A group of demonstrators who had not been inside later gathered at a building where the ambassador was doing a TV show and waited an hour to applaud her. They "probably disagreed with her," but they didn't like the disruption and admired her courage in speaking under difficult circumstances.

Between the two university appearances, the Smith College incident took place. Last fall the senior class voted to ask Kirkpatrick to be the spring commencement speaker. Later the board of trustees decided, as is often the case, to award her an honorary degree. That decision engendered a lot of campus discussion--not disorder, not in opposition to her speaking, but on the suitability of giving the degree in light of her position on El Salvador. This was an in-house dispute and resulted in a petition opposing the degree.

After Berkeley, the president of the college communicated, indirectly and probably directly, with the ambassador. The ambassador's office says someone "presented her with a fait accompli" since there was fear that there would be "an uncontrollable social problem" and her "safety could not be ensured." She should come some other time.

The college press office says that the president "just laid out the facts and she decided to withdraw." These "facts" were not that the Smith students or faculty would be disruptive, but that it was possible that a large Latin American group, drawn from the five-college area, might show up because it had been staging demonstrations at shopping centers and other public places.

Both agree that the ambassador thought such an occurrence would spoil the graduation. Nobody concerned seems comfortable about what has happened. The board of trustees unanimously reconfirmed its decision to award the degree. The freedom-of-speech people lost out because they won't hear her speak, even those who don't like her policies and opposed the degree; the seniors had to find another speaker. The ambassador hasn't responded to a letter inviting her to speak in the fall. Everyone's nose is out of joint, and all think the affair hurts Smith's reputation.

This is the kind of muddle that can be rectified with a little generosity all around.

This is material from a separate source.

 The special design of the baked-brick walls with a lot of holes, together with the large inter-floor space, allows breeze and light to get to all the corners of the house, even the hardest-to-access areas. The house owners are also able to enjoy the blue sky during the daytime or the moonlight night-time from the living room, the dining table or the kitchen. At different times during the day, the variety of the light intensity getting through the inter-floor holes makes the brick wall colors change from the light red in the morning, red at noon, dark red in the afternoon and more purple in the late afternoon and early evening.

The reason for recounting all this past history after the primary point has been made --Kirkpatrick's absolute right to speak without impediment by anyone, for any reason-- is the Henny Penny reaction that the sky is falling, again, in academia.

This is not a return to the '60s disruption that the conservative columnists are pronouncing. It's not even a reverse return to the '50s repression that other conservatives imposed on liberal speakers.

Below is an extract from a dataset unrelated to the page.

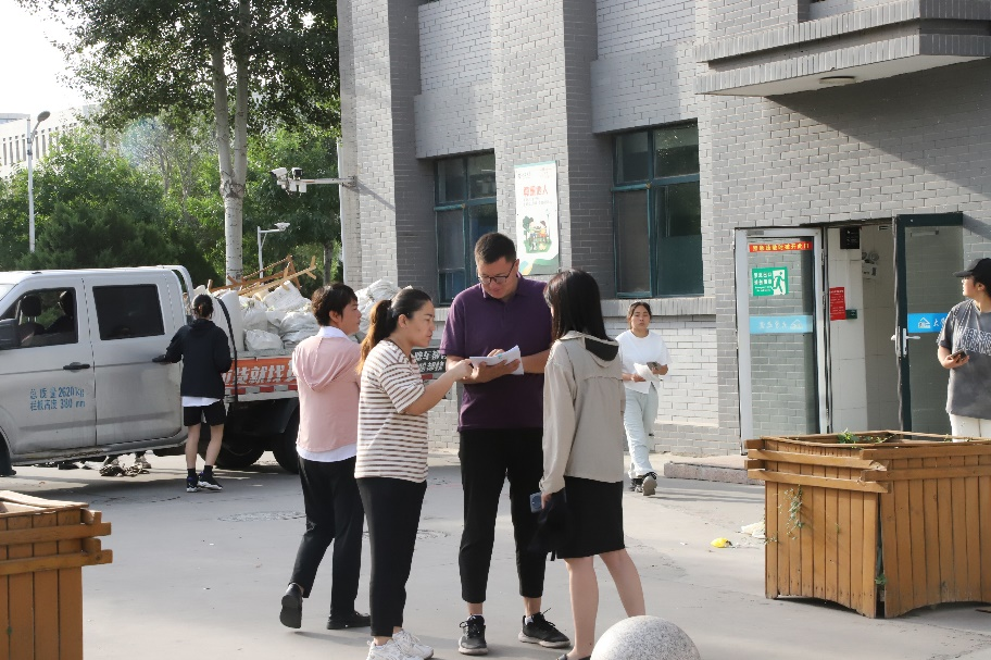 2024-07-03为更好地促进学生住宿规范化、科学化,优化学生住宿管理与服务,合理且高效地解决学校宿舍紧张的局面,根据学校统一安排部署,勤学书院于6月28日、7月1日两天开展了2021级本科生宿舍搬迁工作。书院党委书记、院长马瑜,党委副书记靳永雄、杨扬,副院长常江、王巳卉,全体辅导员前往现场指挥、协调学生搬迁工作,另有书院三个功能型党小组、书院研究生党员先锋志愿者、学生事务管理服务中心志愿者参与助力,确保搬迁工作有序、高效进行。为确保学生公寓搬迁工作的顺利开展,书院党委贯彻落实“以服务学生为中心”的工作原则,精心策划,提前安排,确保搬迁过程高效运行。搬迁当天,书院为学生提供了编织袋、矿泉水、手套等物资保障。盛夏的酷暑并没有影响志愿者们的服务热情,看到行李繁多的同学,志愿者在第一时间伸出援手,书院老师也加入其中,齐心协力、互相帮助。大家忙碌的身影,无不诠释着青春的力量和担当,也展现了我院师生服务他人的优秀品质。搬迁的各位同学与志愿者们协同一心,高效完成工作。同学们搬至金凤校区后,书院以宿舍为单位为2021级学生分发了西瓜,随后书院领导、辅导员走访学生宿舍,与同学们交流搬迁过程中的感受与收获、搬迁过程中出现的问题、期末考试情况、假期安排等,并细心叮嘱大家注意假期安全,让同学们切实地体会到书院对同学们的勉励与关怀

It is something else: perhaps, "positive unity," the opposite of Hannah Arendt's "negative unity." In "On Violence" she wrote:

". . . the extreme form of violence is One against All. And (it is) never possible without instruments. To claim, as is often done, that a tiny unarmed minority has successfully, by means of violence--shouting, kicking up a row, et cetera-- disrupted large lecture classes whose overwhelming majority had voted for normal instruction procedures is a very misleading . . . . What actually happens in such cases is something more serious: the majority clearly refuses to use its power and overpower the disrupters. . . . What the universities are up against is the 'immense negative unity' . . . . The merely onlooking majority, amused by the spectacle of a shouting match between student and professor, is in fact already the latent ally of the minority" (italics added).

In Berkeley and Minnesota, the minority was quelled, albeit imperfectly, by the positive unity of the majority. The speaker was applauded, got a standing ovation; students rose to confront hecklers; faculty moderators took to the microphones, called the audience to principle, upbraided undemocratic behavior; and the speaker spoke. It was not idyllic for her; it was awful. But she stood her ground, not only because she wanted to speak, but because the majority wanted to hear her.

The conservatives are right to thunder on behalf of free speech in these instances. But the universities are not, as one columnist wrote, "provinces of bitterness, extremism and anti-democratic values."

It may be that those who forget the past are destined to relive it. It may also be that those who fail to see the present are destined forever to live in fear of the past.